# (Paper) GRE Math Problems Practice Question with solutions

**GRE Math Problems Practice
Question with solutions**

**Q1. If both x and y are prime numbers, which of the following CANNOT
be the difference of x and y?**

(A) 1

(B) 3

(C) 9

(D) 15

(E) 23

**Answer: **Choice E is correct. This problem is solved fastest by
process of elimination. Both 2 and 3 are prime and their difference is one
(Eliminate Choice A). Both 5 and 2 are prime and their difference is 3
(Eliminate Choice B). Both 11 and 2 are prime and their difference is 9
(Eliminate C). Both 17 and 2 are prime and their difference is 15 (Eliminate
D).

**Q2. Car X and Car Y are five miles apart and are on a collision course.
Car X is driving directly north and Car Y is driving directly east. If the
point of impact is one mile closer to the current position of Car X than to
the current position of Car Y, how many miles away from the point of impact
is Car Y at this time?**

(A) 1

(B) 2

(C) 3

(D) 4

(E) 5

**Answer: **Choice D is correct. This problem can be solved by using the
Pythagorean theorem as Cars X and Y are 5 miles apart, which is the
hypotenuse of a right triangle. Let d be the distance Car Y is from the
point of collision. Then the distance Car X is from the collision is d-1.
Solving for D: dd + (d-1)(d-1) = 25, d=4, -3. Since d denotes distance, we
reject -3 as a valid answer.

**Q3. In the diagram above, AD = BE = 6 and CD = 3(BC). If AE = 8, then BC
= ?**

(A) 6

(B) 4

(C) 3

(D) 2

(E) 1

**Answer:** Choice E is correct.
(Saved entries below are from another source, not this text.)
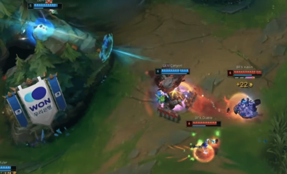 难有发挥,Cube杰斯在下路遭到BLG双C轻松击杀
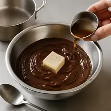 Dodaj masło i sól (oraz likier jeśli używasz): gdy ganache jest już gładka, dodaj pokrojone masło i szczyptę soli. Jeśli chcesz aromatyzować trufle, dodaj teraz likier rumowy (30 ml). Delikatnie mieszaj aż masło całkowicie się rozpuści i masa nabierze jedwabistej, lekko błyszczącej struktury. Spróbuj masy — powinna być intensywnie czekoladowa, gładka, lekko słona.
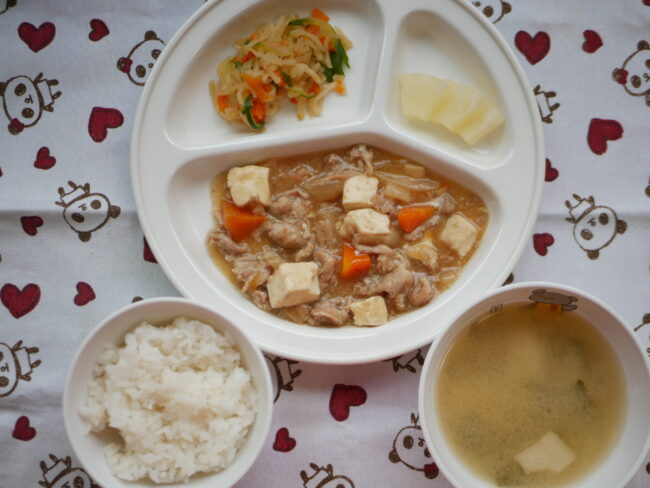 ~ 今日の給食 ~ ・肉豆腐 ・切り干し大根のサラダ ・ごはん ・お麩とわかめのみそ汁 ・パイン ~ 今日のおやつ ~ ・牛乳 ・ポテトフライ
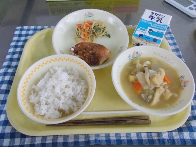 牛乳/麦ごはん/赤魚の香味焼き/もやしサラダ/豚汁
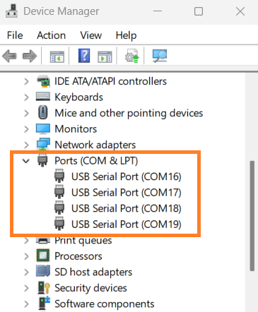 Ports 1, 2, 3, and 4 of a 4-port USB-to-Serial adapter have been

Since AE is a line segment and all the
lengths are additive, AE = AD + DE. We know that AD = 6 and AE = 8. So DE =
AE - AD = 8 - 6 = 2. We also know that BE = 6. So BD = BE - DE = 6 - 2 = 4.
We know BD is 4, but need to find BC.

Since CD = 3(BC), we can solve for BC: x + 3x = 4. x = 1.

**Q4. If the length of rectangle A is one-half the length of rectangle B,
and the width of rectangle A is one-half the width of rectangle B, what is
the ratio of the area of rectangle A to the area of rectangle B?**

(A) 1/4

(B) 1/2

(C) 1/1

(D) 2/1

(E) 4/1

**Answer:** Choice A is correct. This problem includes a common mistake:
the ratio of areas is NOT the same as the ratio of lengths. Instead, the
ratio of areas for similar polygons is equal to the square of the lengths of
the lengths. If we use 4 and 2 as the length and width for rectangle A, its
area is 8. Rectangle B would have an area of (8)(4) = 32, four times that of
A.

**Q5. If the length of rectangle A is one-half the length of rectangle B,
and the width of rectangle A is one-half the width of rectangle B, what is
the ratio of the area of rectangle A to the area of rectangle B?**

(A) 1/4

(B) 1/2

(C) 1/1

(D) 2/1

(E) 4/1

**Answer: **Choice A is correct. This problem includes a common mistake:
the ratio of areas is NOT the same as the ratio of lengths. Instead, the
ratio of areas for similar polygons is equal to the square of the lengths of
the lengths. If we use 4 and 2 as the length and width for rectangle A, its
area is 8. Rectangle B would have an area of (8)(4) = 32, four times that of
A.

**Q6. A cube and a rectangular solid are equal in volume. If the length of
the edges of the rectangular solid are 4, 8, and 16, what is the length of
an edge of the cube?**

(A) 4

(B) 8

(C) 12

(D) 16

(E) 64

**Answer:** Choice B is correct. We have all of the dimensions to
calculate the volume of the rectangular solid, which is 16 x 8 x 4. This is
also the volume of the cube. So, the length of an edge of the cube is the
cubic root of (16 x 8 x 4), or 8.

**Q7. The distance between Athens and Carthage is 120 miles. A car travels
from Athens to Carthage at 60 miles per hour and returns from Carthage to
Athens along the same route at 40 miles per hour. What is the average speed
for the round trip?**

(A) 48

(B) 50

(C) 52

(D) 56

(E) 58

**Answer:** Choice A is correct. Average speed = Total distance / Total
time. A car traveling at 40 mph will cover 120 miles in 3 hours. A car
traveling at 60 mph covers the same 120 miles in 2 hours. The total travel
time is therefore 5 hours.

For the entire round trip, the average speed = (120 + 120) / 5 = 48 mph.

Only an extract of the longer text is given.